Wow! That was a good kill! Copperheads are REAL nasty! When I was a kid, my dad and I would go fishing and camp out at an old log cabin on my Grandpa's farm in the southeastern hills of Ohio and I remember copperhead snakeskins hanging from the rafters. I hated sleeping there, for obvious reasons!


----------



## texasgirl (Nov 13, 2005)

shannon in KS said:
			
		

> I have many snake stories growing up on a farm, but this summer, I was lazily basking in the sun, and a snake slithers by. (this is my sunspot, mr. snake!) So, I thought, nah, he is going about his business, and gently shoo him along with my flip flop. And he was a little baby, maybe a foot long, but suspiciously looked like a rattlesnake- which are more venemous than full grown. He turns around, and coils up and start trying to strike at me! H#ll no, not gonna work that way, THIS IS MY SUNSPOT! So I do what a typical girl would do, start squealing and jumping around- HEEELLOOOOO! HE IS TRYING TO EAT ME!!!! And no one comes to my rescue. I throw a few yard objects at him, hose, chair, whatever is nearby. Not budging. So I pick up a hand spade- yeah one of those things that are like 8 inches long, and start swinging at him, and he finally starts to slither the other way, and I am nothing but vengeful at this point, and whack his head off, cowardly when he turned his back, I know, but he was exhibiting some serious cobra tendencies, mind you. you go Texasgirl, WE ARE WOMEN, HEAR US ROAR (10 minutes later after all the squealing and carrying on) You would think the way we act would annoy the little critters to a miserable death, wouldn't ya?


 
DH is looking at me like I have gone insane. I am laughing so hard I'm crying just from the visual.
Normally, I yell for him or the boys. The first time I saw one, I was in the garage making my yard art and it was right at the door. They make the most awful scratching sound on concrete, I ran to the house door and the boys came running with the pellet gun, he didn't have the 410 then. I took it and was shaking so bad, the boys both went for it and tried to shoot it. That one got away. I called DH and he came home from down the road. Never found that one. I was walking very slowly for weeks after that.


----------



## mudbug (Nov 13, 2005)

OH, ick.  Sorry you had to go thru that, tex.

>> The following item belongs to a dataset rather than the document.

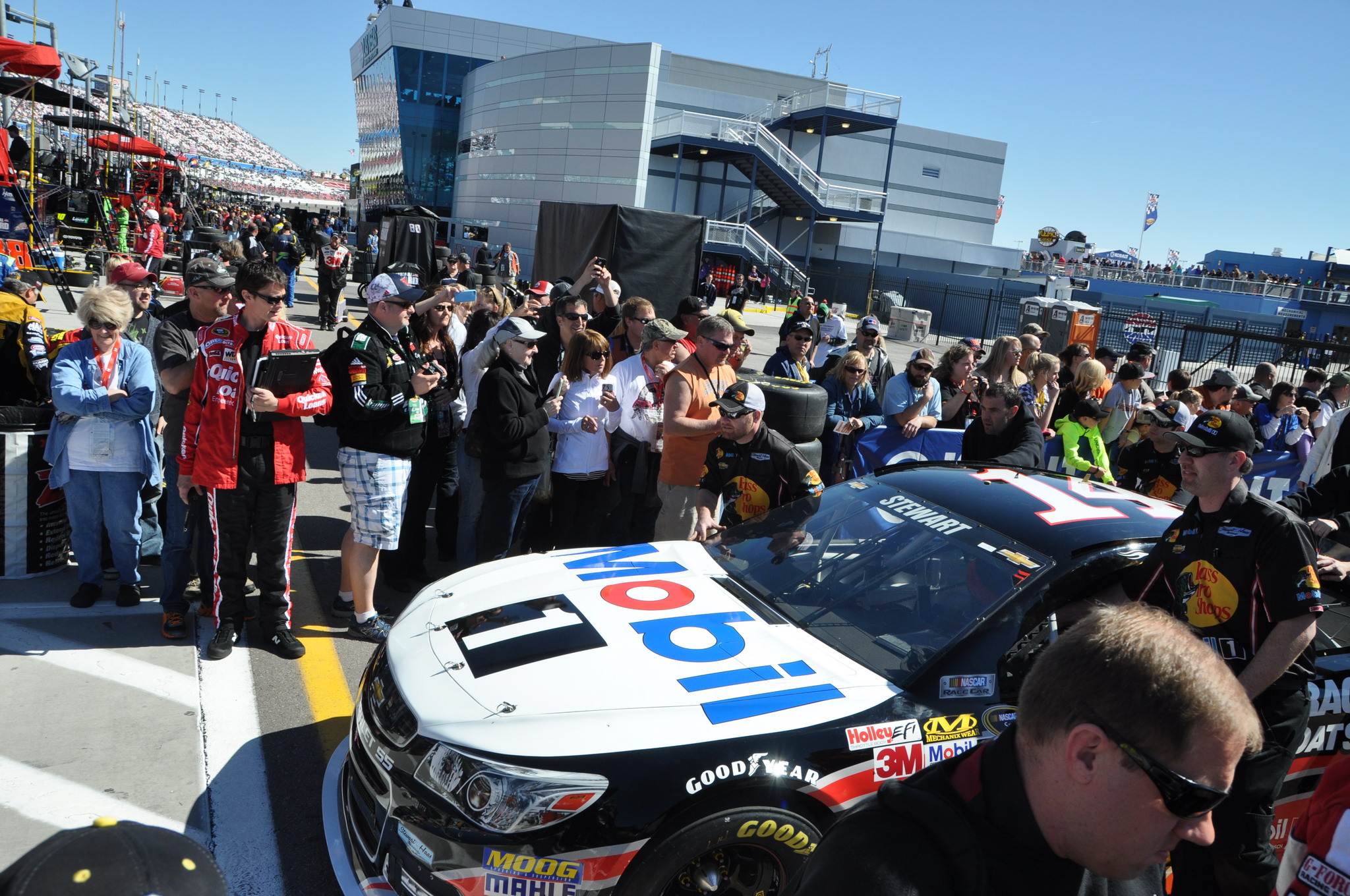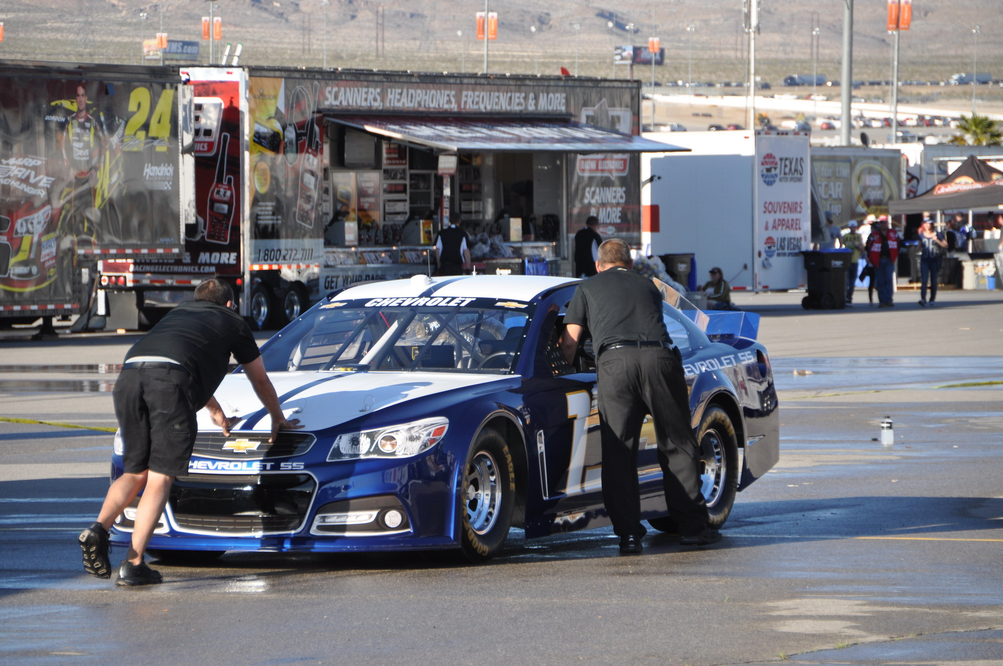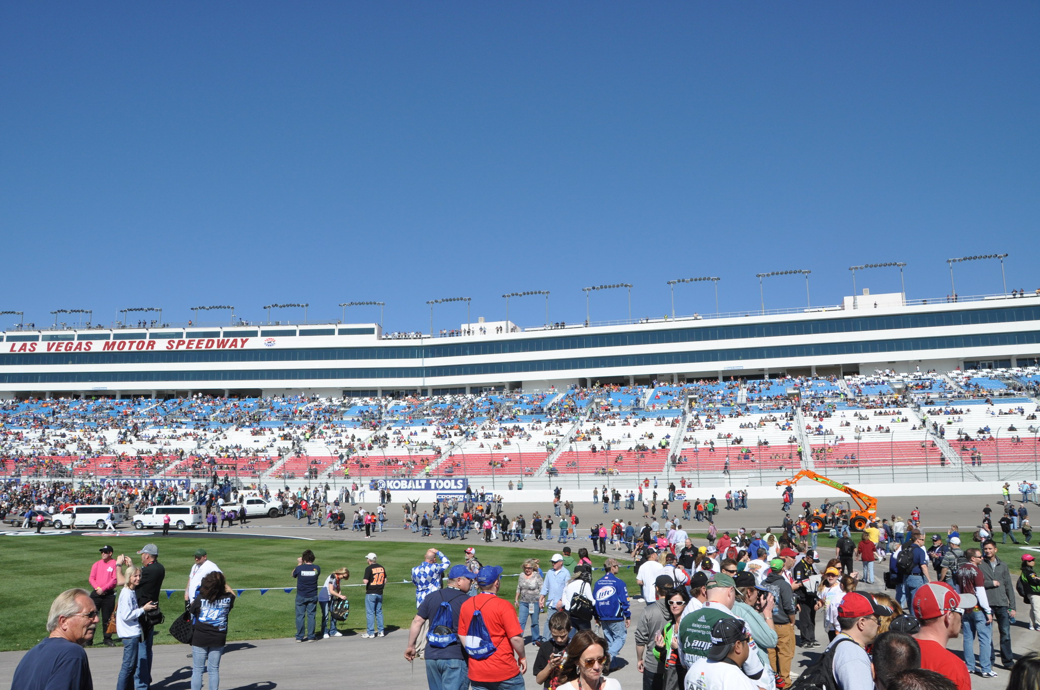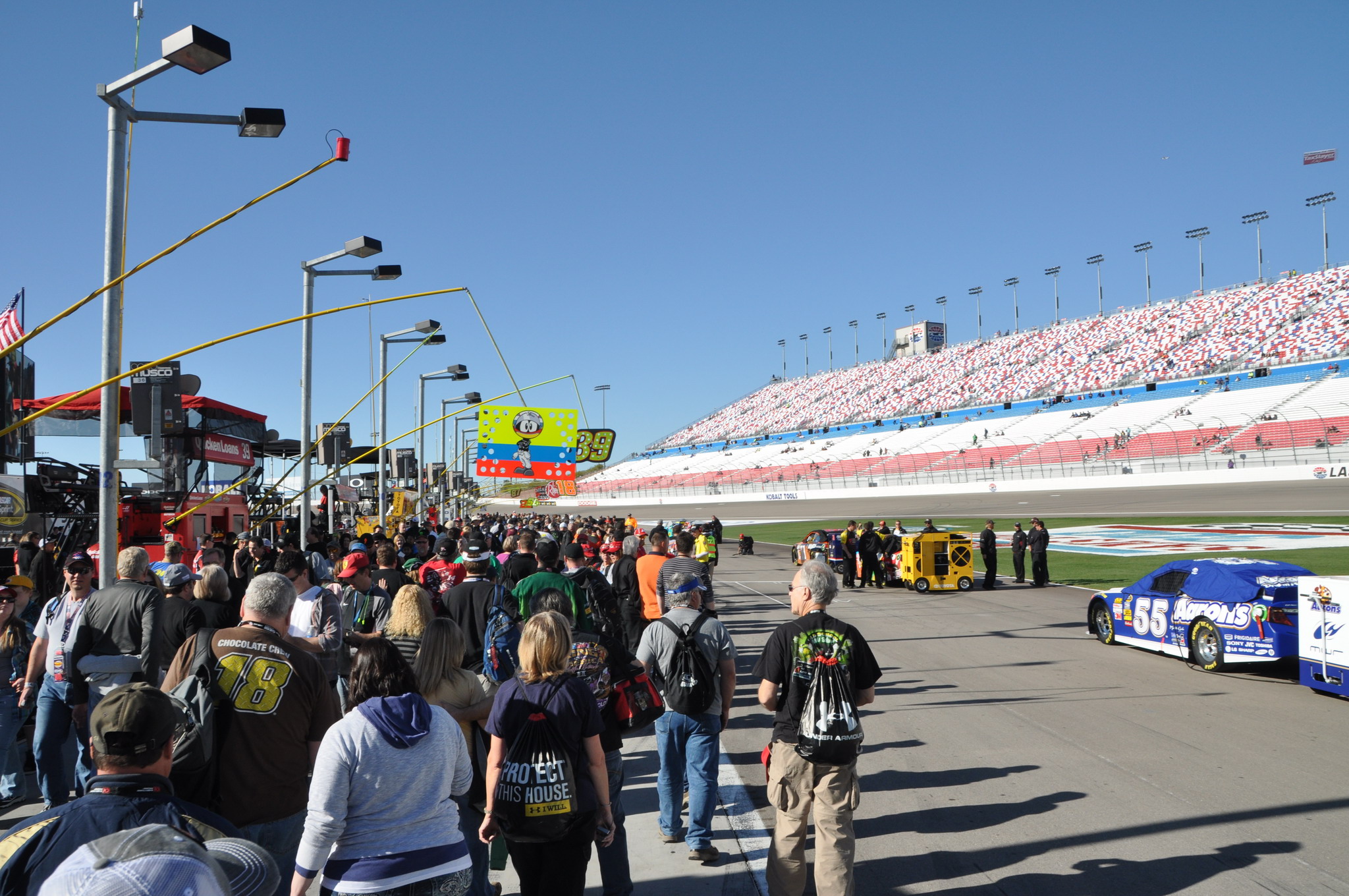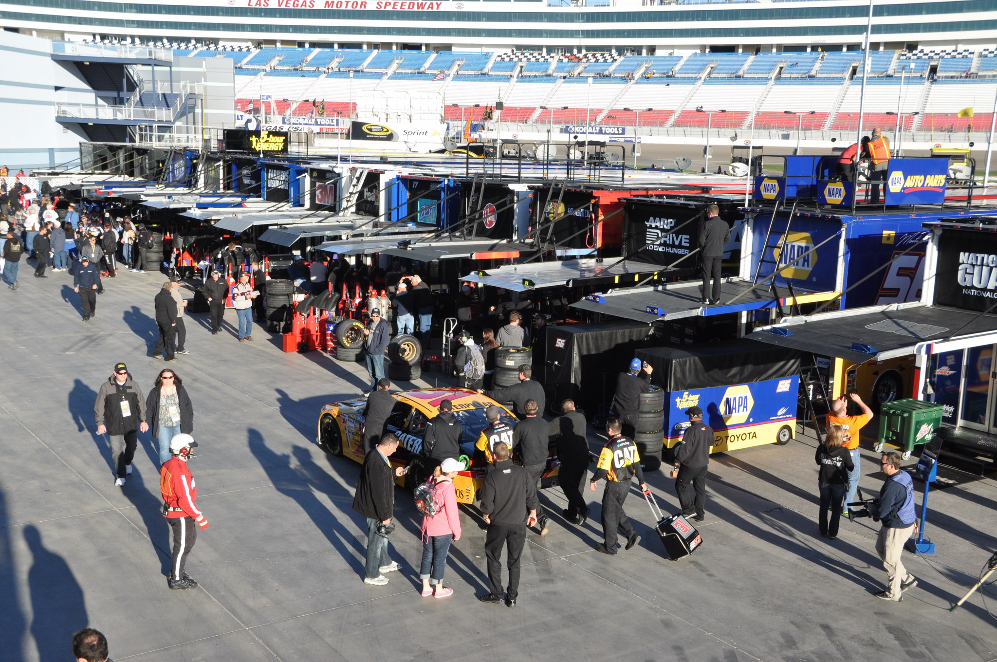 Et comme c'est de tradition le dimanche juste avant la course, et c'est aussi pour ça qu'on m'avait particulièrement conseillé la course de Vegas, toute la ligne des stands est ouverte aux fans. Les équipes, après l'inspection, y mettent les voitures, ce qui permet de toutes les voir de près, quelques animations sont organisées, avec un peu de chance, il est possible de voir les pilotes de près, le vrai spectacle de la Nascar pour les fans.

My mom's parents used to have a cabin out in the desert in SoCal.  Every time they went out there for vacation Gramp had to go in first with his gun and kill all the rattlesnakes.


----------



## Robin (Nov 13, 2005)

Unless they are too close to my house I just leave them alone. They are actually good because they eat small rodents. Most snakes are as afraid of us and we are of them


----------



## pdswife (Nov 13, 2005)

Good hit Texas.

Once while Paul and I were hiking up a trail to go fishing 
he stopped and said "Hey look, it's a snake" He started poking at
it wish his fishing pole.  It uncoiled and we saw that it was a rattler!!!  Just a small one but big enough to freak me out.  Luckily the snake wasn't in the mood to fight.  It just crawled away.   I tease Paul all the time now about being brave enough to tickle a rattle snake.


----------



## texasgirl (Nov 13, 2005)

Robin said:
			
		

> Unless they are too close to my house I just leave them alone. They are actually good because they eat small rodents. Most snakes are as afraid of us and we are of them


 
I wouldn't usually go killing it myself, but, it was about 10 feet from my front door. I know that it probably wouldn't be able to get on the porch,but, I wasn't taking a chance on meeting it inside with the doggie door


----------



## Robin (Nov 13, 2005)

texasgirl said:
			
		

> I wouldn't usually go killing it myself, but, it was about 10 feet from my front door. I know that it probably wouldn't be able to get on the porch,but, I wasn't taking a chance on meeting it inside with the doggie door


 
Yes actually it could have gotten on the porch. A long time ago one got into our covered porch! Thank goodness I just peaked through the window before I opened it. It was coiled right next to the door. I screamed for my mother's boyfriend to take care of it.. It wasn't poisonous though.


----------



## middie (Nov 13, 2005)

oooh copperheads nasty nasty snakes. a relative of mine in west virginia     cleaning up her yard and picked up an old coffee can that had a copperhead coiled up inside. a fang punctured the skin on one of her fingers and she almost died not once but TWICE ! i think if both fangs got her she would not be around today. my mother almost got bit by one too when she was a little girl... maybe 5 or 6, but her grandfather killed it before it bit my mom's leg.
though i have to admit it's kind of amusing to drive through a state and see the roadkill is chickens and copperheads !


----------



## buckytom (Nov 14, 2005)

i always tell people that i'm hiking with that in snake country, always make heavy footsteps in grasses or dense brush (they will sense you coming and take off), and always step onto a log then away from it, not directly over as you may startle a snake that will cause it to strike at your heel.
they're nasty but necessary little monsters...


----------



## AllenOK (Nov 14, 2005)

I have to agree with Robin.  Snakes do benefit the environment.  Granted, I live in a small city, so I'm not really expecting to see any snakes, except maybe a garter snake.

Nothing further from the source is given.